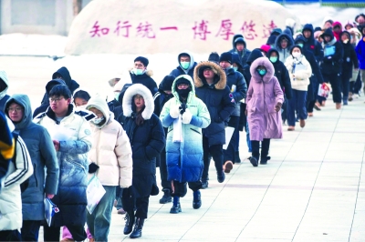 12月23日,2024年全国硕士研究生招生考试初试开考。寒风里考生们满怀希冀走进考场,奔赴这一场圆梦之约;教育系统全力以赴周密部署,以暖心服务助力考生顺利应考。图为考生在哈尔滨理工大学考点排队进入考场。
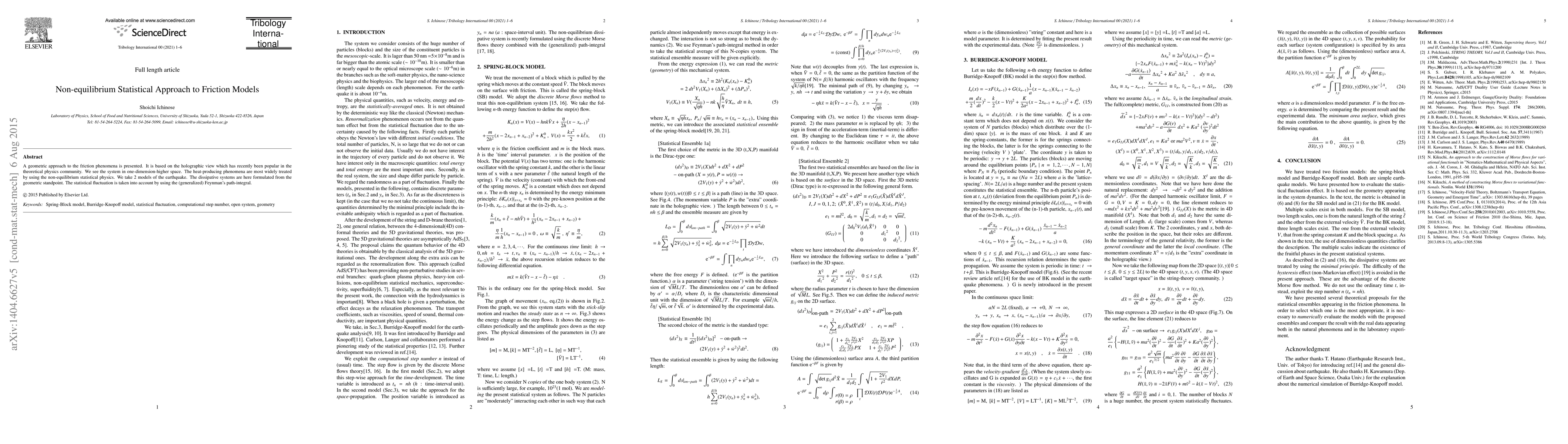 A geometric approach to the friction phenomena is presented. It is based on the holographic view which has recently been popular in the theoretical physics community. We see the system in one-dimension-higher space. The heat-producing phenomena are most widely treated by using the non-equilibrium statistical physics. We take 2 models of the earthquake. The dissipative systems are here formulated from the geometric standpoint. The statistical fluctuation is taken into account by using the (generalized) Feynman's path-integral.
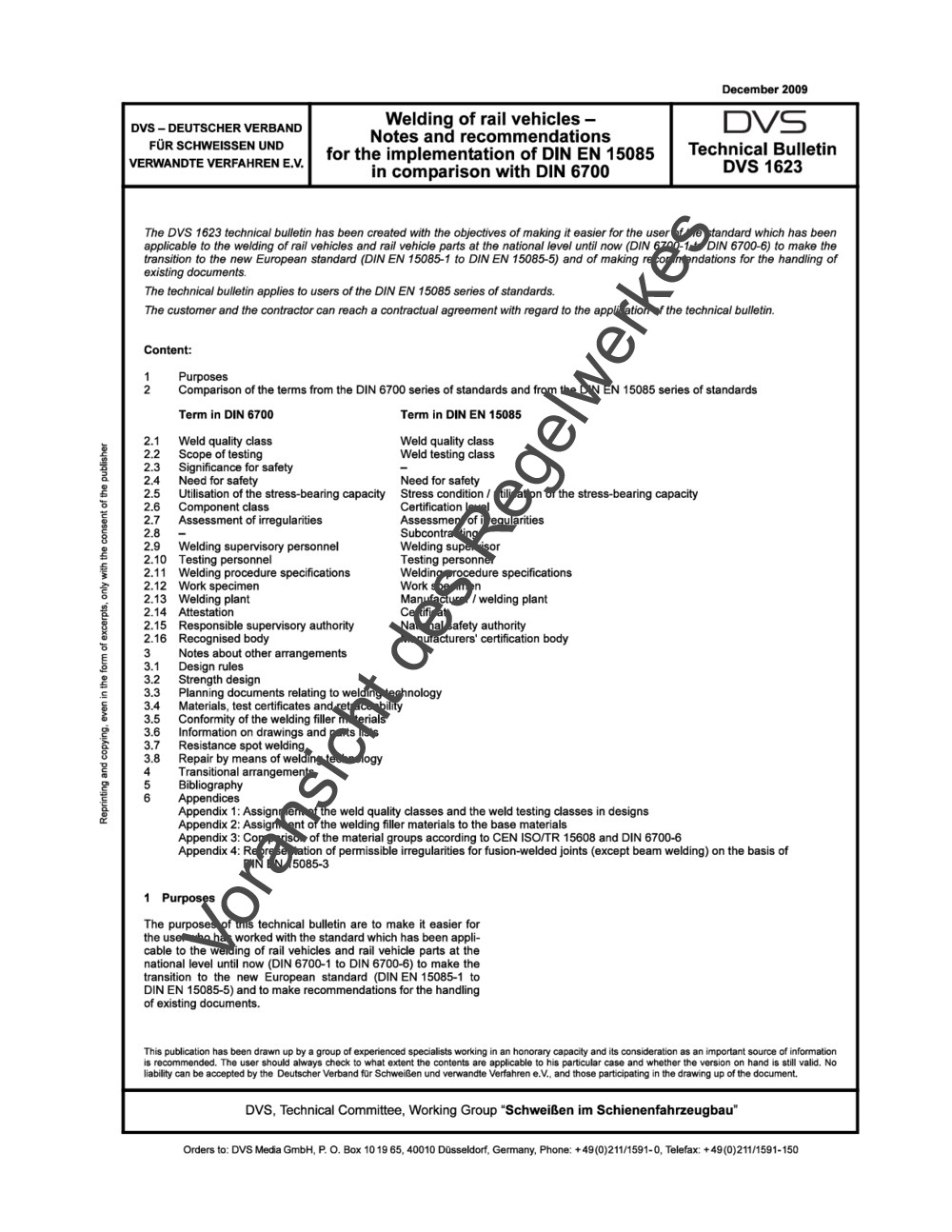 Welding of rail vehicles - Notes and recommendations for the implementation of DIN EN 15085 in comparison with DIN 6700

§ §

# [To do]
Without the pictures, give every line of the data again, exactly as written.

# [Reply to the exercise]
 12月23日,2024年全国硕士研究生招生考试初试开考。寒风里考生们满怀希冀走进考场,奔赴这一场圆梦之约;教育系统全力以赴周密部署,以暖心服务助力考生顺利应考。图为考生在哈尔滨理工大学考点排队进入考场。
 A geometric approach to the friction phenomena is presented. It is based on the holographic view which has recently been popular in the theoretical physics community. We see the system in one-dimension-higher space. The heat-producing phenomena are most widely treated by using the non-equilibrium statistical physics. We take 2 models of the earthquake. The dissipative systems are here formulated from the geometric standpoint. The statistical fluctuation is taken into account by using the (generalized) Feynman's path-integral.
 Welding of rail vehicles - Notes and recommendations for the implementation of DIN EN 15085 in comparison with DIN 6700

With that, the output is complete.